Mawson Infrastructure Group’s board moved rapidly this summer season, slicing ties with its chief amid critical claims. On Could 30, the corporate put CEO Rahul Mewawalla on discover for “Cause” underneath his contract.
Days later, he was positioned on administrative depart. Then, on July 8, his board seat was taken away and a lawsuit was filed in Delaware’s Courtroom of Chancery.
The go well with accuses him of fraud and breach of responsibility whereas on the helm of the Nasdaq‑listed Bitcoin miner.
Key Rewards Then Sudden Fallout
In keeping with experiences, simply months earlier than his ouster, Mewawalla acquired $2.5 million in money bonuses and 1.2 million restricted inventory items.

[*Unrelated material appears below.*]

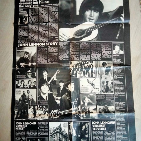 Suosikki lehden jättilakana, vuodelta 1964(arvaus). Katri Helena Eino Grön Markus Allan Antti Einiö ja Taisto Tammi. Ja kuvan toisella puolella the Beatles story. Kuvan koko 4x4 . Nouto Helsingin pihlajamäestä tai posti tuo

His base pay was additionally raised to $1.2 million. Again then, Mawson praised his management, citing 36% income progress, a 35% soar in gross revenue and cuts in SG&A bills throughout his tenure.
Now, those self same achievements stand alongside allegations that he misused his position and harmed shareholders.
⚖️ #Bitcoin Miner Mawson Fires CEO, Information Fraud Lawsuit – What’s Going On?
Mawson’s management fallout provides to considerations over governance requirements in #crypto mining, the place authorized accountability stays key fault line.$BTC pic.twitter.com/nKmQ1zLw5r
— CryptOpus (@ImCryptOpus) July 22, 2025
Board Names Interim CEO
Kaliste Saloom, the corporate’s basic counsel, was tapped as interim CEO for the Bitcoin mining firm after Mewawalla was positioned on depart.
Saloom faces the duty of steering the agency by way of what could possibly be a protracted authorized battle. Based mostly on experiences, the board is looking for to get better damages that it says stem from Mewawalla’s actions.
On the similar time, he has pushed again. In a July 17 letter, he “respectfully and vigorously” denied any wrongdoing and pointed to the board’s earlier public reward of his outcomes.
Ongoing Miner Dispute Provides Stress
This battle comes as Mawson is already tangled in one other go well with. Stone Ridge, which owns NYDIG, accused Mawson of wrongfully taking management of over 20,000 ASIC miners valued at about $30 million.
The 2 sides had a colocation deal beginning December 2023, set to finish by March 2025. However disagreements over charges turned ugly. Mawson despatched invoices totaling $1.9 million for area and energy.
Stone Ridge stated there was a deal to chop vitality use within the closing month and disputed these payments. Mawson then modified the payout tackle for the miners and barred entry to Stone Ridge workers, citing a contract clause that the opposite facet says doesn’t apply.
Buyers might be watching each circumstances intently. If the board can show its claims in court docket, Mawson may claw again tens of millions and ship a message about accountability.